The poorest do not pay, but stratified contributions were subsequently introduced, ranging from US$2 to $4 per year, depending on earnings and assets. This change required greater administration to assess people and manage contributions.
This new administration became known as Ubudehe, meaning mutual assistance. It registers the whole population via community-based assessment where volunteers collect data on household assets which is check and validated at a community assembly.
In 2015 the CBHI was transferred to the Rwandan Social Security Board (RSSB). Three years later, the Board introduced the Mutuelles Members Management System (3MS), which was then linked to Ubudehe through an API, creating the first CBHI-Ubudehe link.
The Ubudehe can provide the information on who has paid contributions to the RSSB via the 3MS. Linkages became tighter: “the 3MS system was connected with ‘IREMBO-Rwanda Online,’ an e-Government portal that also allows for making mobile telephone-based payments of contributions. Through this enhanced interoperability, it is possible to link all necessary information in order to check whether a household has paid the correct contribution amount on time.”
Integrations continued.
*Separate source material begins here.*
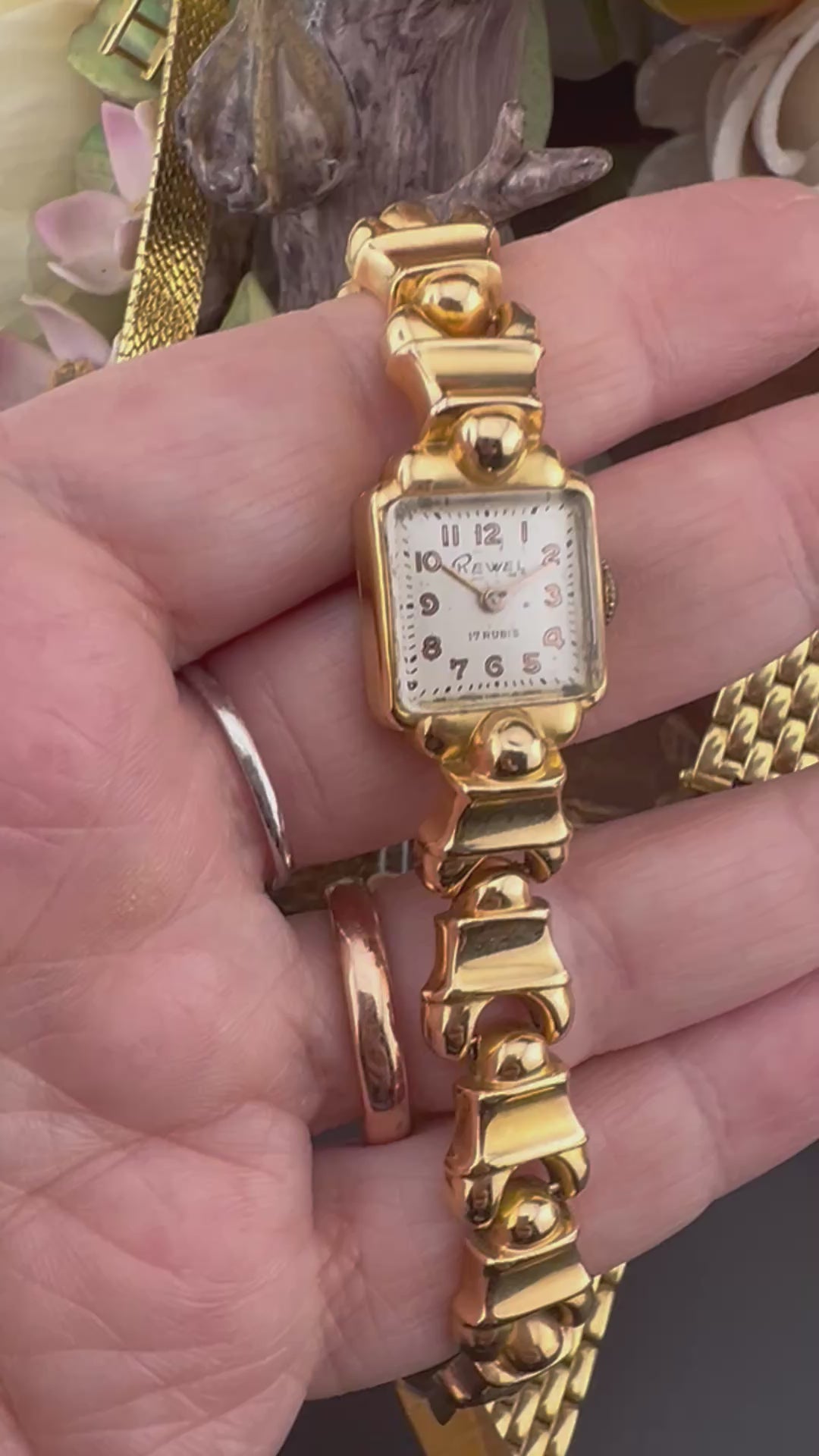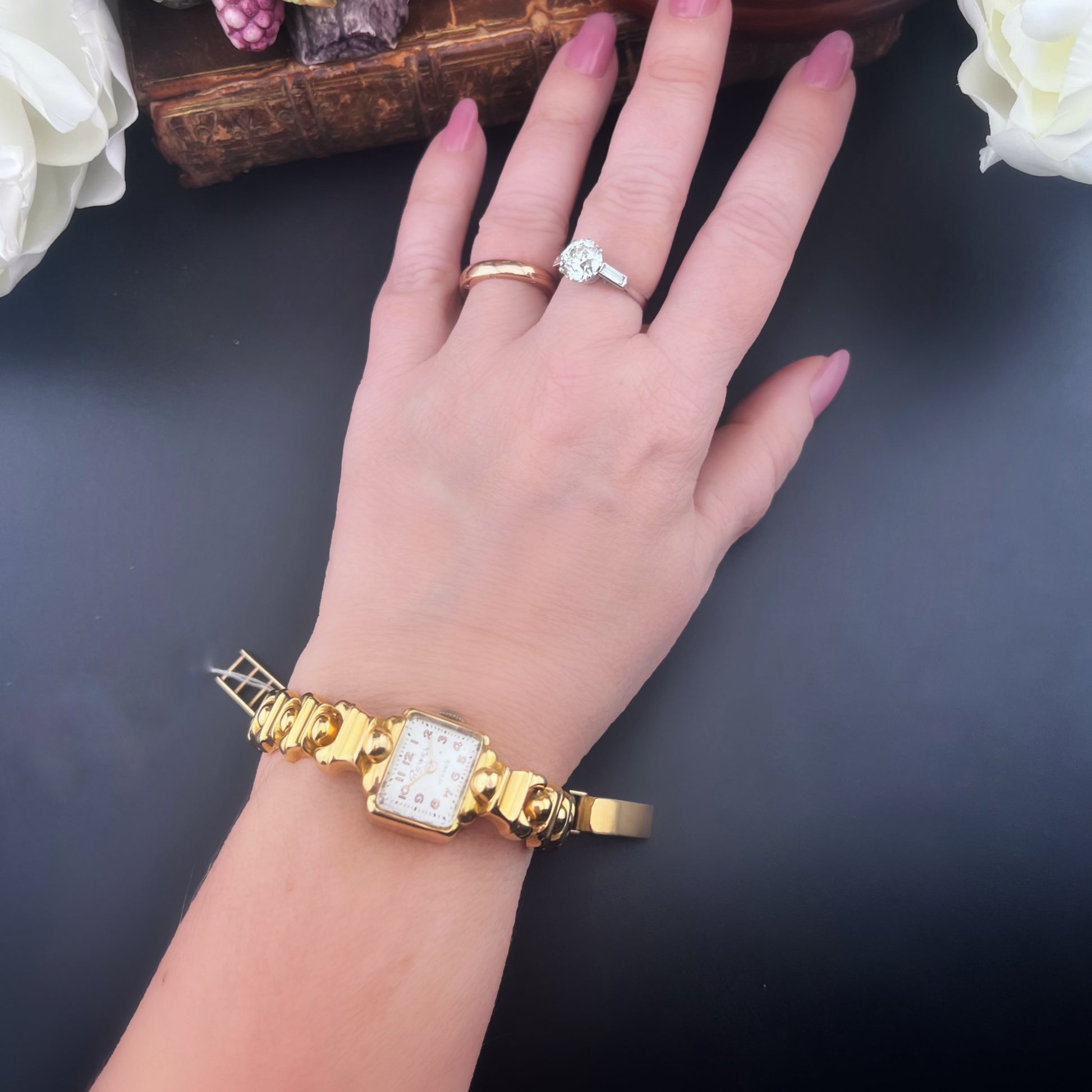Schmuckuhr aus den 1940er Jahren mit entzückendem 18-karätigem Gelbgold-Armband mit beweglichen Gliedern.

In 2019, the Ubudehe was linked to the Population Registry of the National Identification Agency (NIDA), which issues national ID numbers and credentials to over-16s.
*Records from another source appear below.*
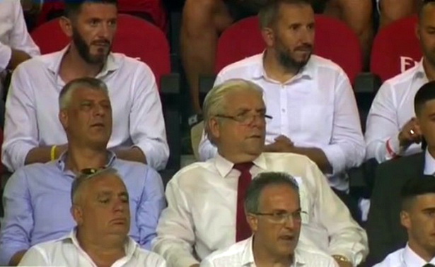 Сопственикот на Шкендија, Лазим Дестани во друштво на претседателот на Косово, Хашим Тачи го следеше натпреварот на неговиот тим против италијанскиот гигант Милан.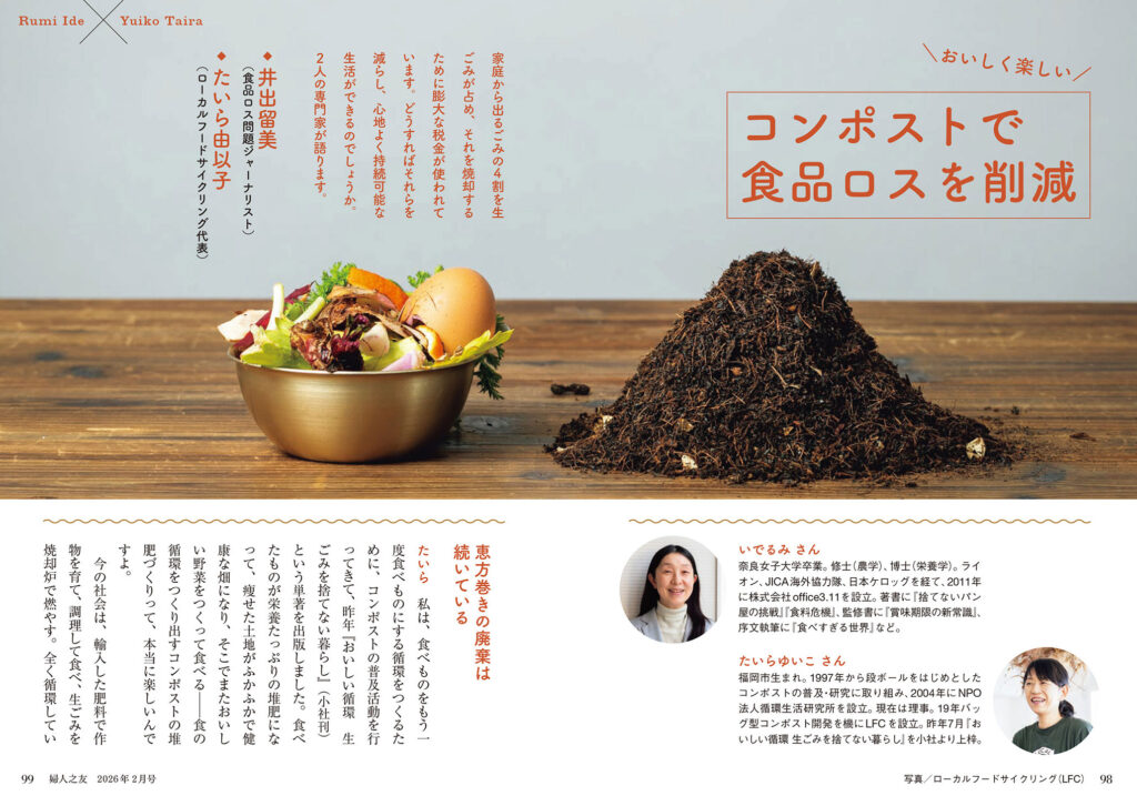 | 098 | おいしくて楽しい コンポストで食品ロスを削減 井出留美(食品ロス問題ジャーナリスト)×たいら由以子(ローカルフードサイクリング代表) |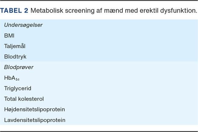 Der kan også være indikation for at supplere blodprøver med en testosteronmåling ved subjektive eller objektive tegn på hypogonadisme, der er særligt hyppig hos diabetikere (Tabel 1). Subjektive symptomer inkluderer nedsat libido, nedsat energi og øget irritabilitet. Man skal være opmærksom på, at selvom MetS og nedsat libido er associeret til hypogonadisme, kræves der meget lave koncentrationer af testosteron, før det i sig selv forårsager ED [7, 8, 23]. Testosteronsubstitution er indiceret ved en kombination af symptomer og biokemisk testosteronmangel. Der findes ikke en universelt accepteret grænseværdi, men i hovedparten af litteraturen betragtes værdier > 12 nmol/l som normale og værdier < 8 nmol/l som nedsatte, mens værdier herimellem repræsenterer et grænseområde. Nogle tilstande, herunder overvægt, kan medføre lave niveauer af seksualhormonbindende globulin og derved andelen af biotilgængeligt testosteron. Det gør, at koncentrationen af total testosteron kan fremstå nedsat, uden der er tale om en egentlig mangeltilstand [22].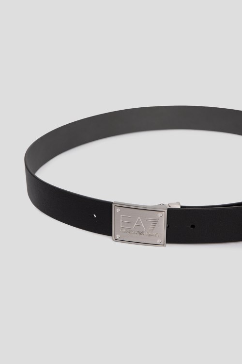 Детали: Мужской черный ремень из экокожи от EA7 Emporio Armani (ЕА7 Эмпорио Армани). Регулируемый размер, металлическая пряжка с логотипом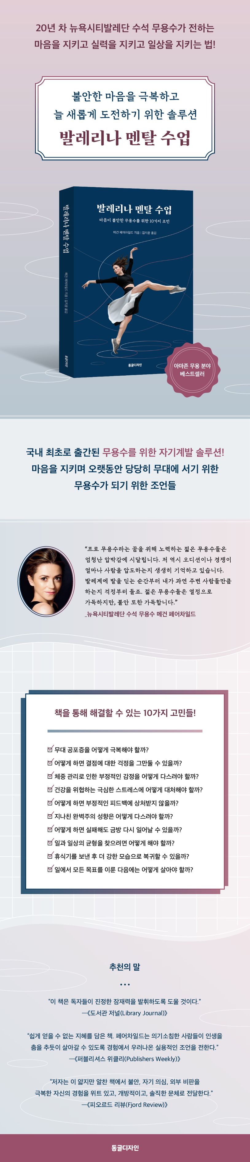 2002년 뉴욕시티발레단에 입단한 이후 3년 만에 수석 무용수가 되어 현재까지 활발하게 활동할 뿐만 아니라, 육아와 학업까지 병행하고 있는 발레리나 메건 페어차일드. 그녀는 어린 나이에 최고의 자리에 올랐다는 부담감과 두려움으로 인해 심한 공황 증세까지 겪었지만, 고군분투 끝에 심리적인 안정을 찾고 일과 일상 모두를 지키는 데 성공했다. 극심한 배역 경쟁과 다이어트, 부상과 은퇴에 대한 두려움, 대중과 평론가의 평가 등 무용수의 멘탈을 위협하는 여러 문제 앞에서 어떻게 마음의 평화를 찾고 균형 잡힌 삶을 살게 되었을까? 신체 부상은 어떻게든 회복하려고 노력하지만, 마음속 부상은 지나치고 마는 많은 무용수를 위해 메건 페어차일드가 나섰다! 『발레리나 멘탈 수업』에는 무용수들이 보편적으로 가지고 있는 여러 심리 문제와 이를 하나씩 해결하고 극복해 온 저자의 경험담이 담겼다. 이는 마음이 불안하거나 고민이 많은 모든 무용수에게 강인하고 건강한 마음을 선물할 것이며, 따뜻한 격려와 응원이 되어줄 것이다.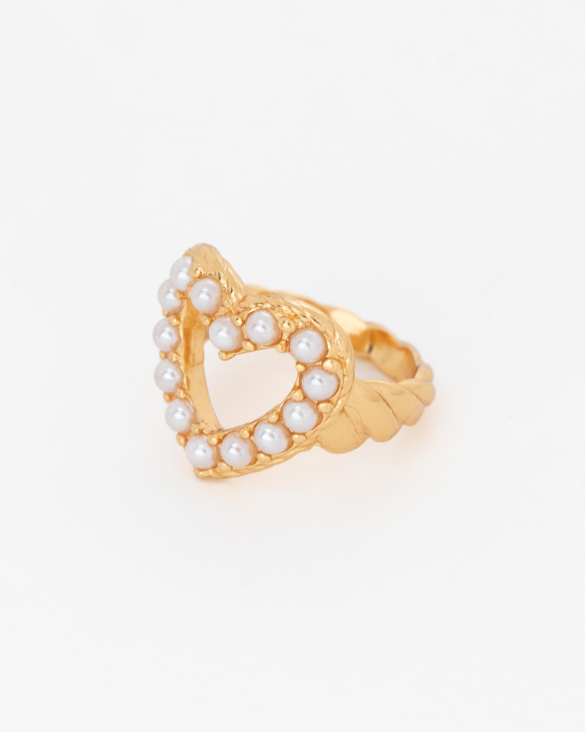 Anillo de corazón con perlas.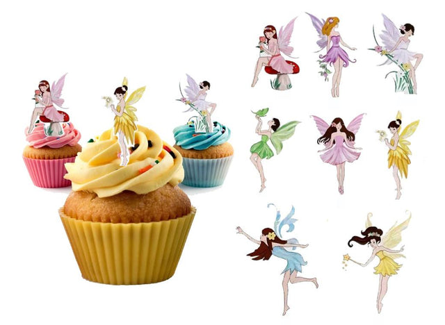 Each pack includes 16 pre-cut thick wafer toppers with an assortment of colourful fairies.

“Updates in the NIDA database are transferred to the Ubudehe system on a continuous basis, thus also improving the ability of the RSSB to manage its beneficiary database. In the same year, this interface was fully functional and 90 percent of all persons over 16 years in the Ubudehe database had been matched to a national identity profile.”
Conclusions: combine and cover everyone
All three could have worked as paper-based systems but would have become extremely cumbersome and labor-intensive, finds the report. All three countries are also conducting ongoing discussions to connect the health systems to more databases.
Although new technology could help prevent issues with ever-larger systems, the authors warn: “While there are arguments for the potential power of social registries as gateways for inclusion, past failure of social registries to identify the beneficiaries of social programmes accurately raise concerns, because the registries suffered from large targeting errors, a frequently static nature and high costs.”
AI could be deployed and future systems could even automatically enrol people based on what various databases hold on them.
The report recommends combining efforts with other social protection schemes rather than trying to establish a new, siloed data set: “Even without a complete leap towards a unique digital identity, existing poverty data from multiple sources can be exchanged, re- used and triangulated, thus avoiding unnecessary duplication of data collection for targeting and identification.”
Community-based approaches can help build trust into a new and potentially highly technologically advanced system. Only context-appropriate technologies should be used, and implemented in the right order.
The report comes down on the side of Rwanda and India – to capture everyone: “Even when the aim is to identify the poor, it may be advisable to create or build on a database for all citizens, and not just have a database for the poor. Such a universal database could allow for more flexibility, which is especially relevant to individuals and households who move in and out of poverty over time.”